Urteil zur Frage: Pensionskasse und gesetzliche Insolvenzsicherung – geht das?

Bei der zweiten Entscheidung (3 AZR 142/16) hatte sich das BAG mit der Fragen zu befassen, ob der PSV für die beim Arbeitgeber bestehende Auffüllungsverpflichtung einer Pensionskassenrente einstehen muss, wenn er insolvent ist?

Insolvenz des Arbeitgebers und Herabsetzen der Pensionskassenleistung

Im vorliegenden Fall hatte die Pensionskasse die Betriebsrente des klagenden Arbeitnehmers gekürzt. Der Arbeitgeber war von den Vorinstanzen zum Ausgleich der Differenzen aus der Leistungsherabsetzung der Pensionskasse und somit zur Anpassung der Betriebsrente des Klägers verurteilt worden. Ein Jahr später ging der Arbeitgeber in die Insolvenz. Der betroffene Arbeitnehmer sieht eine Insolvenzversicherungspflicht des PSV für die Differenzbeträge. „Allerdings besteht für Leistungen, die über eine Pensionskasse gewährt werden, grundsätzlich keine Beitragspflicht beim PSV“, erläutert Bernd Wilhelm und fährt fort: „Der Kläger begründet den Anspruch folgendermaßen: Wenn eine Pensionskasse ihre Leistungen im Rahmen der Auffüllverpflichtung nach § 1 Abs. 1 S. 3 BetrAVG herabsetzt  und der Arbeitgeber die Differenz übernimmt, dann wird der gewählte Durchführungsweg, also die mittelbare Versorgung über eine Pensionskasse, wieder verlassen.“ Gemäß der Auffüllverpflichtung hat der Arbeitgeber für die Erfüllung der von ihm zugesagten Leistungen auch dann einzustehen, wenn die Durchführung der bAV nicht unmittelbar über ihn erfolgt. Daher spielen bei der Beurteilung des vorliegenden Falls die Verhältnisse beim Arbeitgeber und dessen Insolvenz die entscheidende Rolle, nicht die Verhältnisse bei der Pensionskasse.

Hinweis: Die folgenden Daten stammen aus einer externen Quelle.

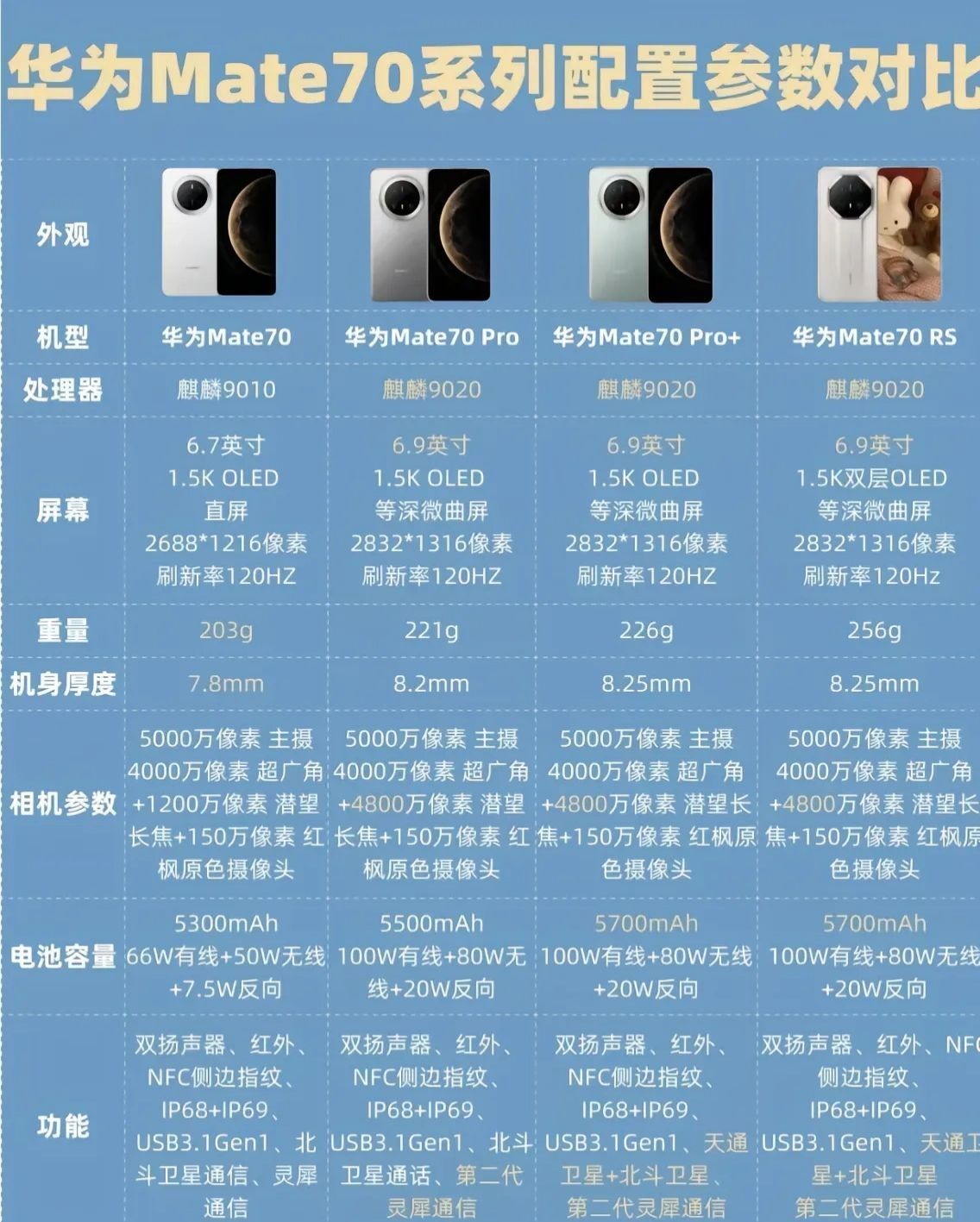 华为 Mate70 系列重磅登场,四款机型各显神通。 外观上,Mate70 直屏轻盈,重 203g。Mate70 Pro 起则是微曲屏,配置升级致重量增加但可控。Mate70 RS 非凡大师版将华为精致与保时捷设计融合,陶瓷机身撞色设计奢华无比,不过追求实用的选 Mate70 或 Mate70 Pro 更合适。 性能方面,Mate70 配麒麟 9010 处理器,Mate70 Pro 等搭载...

Entscheidung an Europäischen Gerichtshof weitergeleitet

Der Dritte Senat geht davon aus, dass das nationale Recht keine Eintrittspflicht des PSV für Kürzungen von Leistungen der bAV vorsieht, wenn die Leistungen im Durchführungsweg Pensionskasse erbracht werden. Eine Haftung des PSV kann sich daher allenfalls aus Art. 8 der Richtlinie 2008/94/EG ergeben. Fraglich ist nach Auffassung des BAG, ob die Norm Anwendung findet, wenn ein Arbeitgeber aufgrund eigener Zahlungsunfähigkeit die Kürzungen der Pensionskassenrente nicht ausgleichen kann. Wichtig für die Entscheidung ist zudem, unter welchen Voraussetzungen nach dieser Richtlinie ein staatlicher Insolvenzschutz gewährleistet wird und ob sich der Arbeitnehmer deshalb auch gegenüber dem PSV auf die Vorschrift berufen kann. Das BAG hat nun den Gerichtshof der Europäischen Union um die Beantwortung der Fragen ersucht.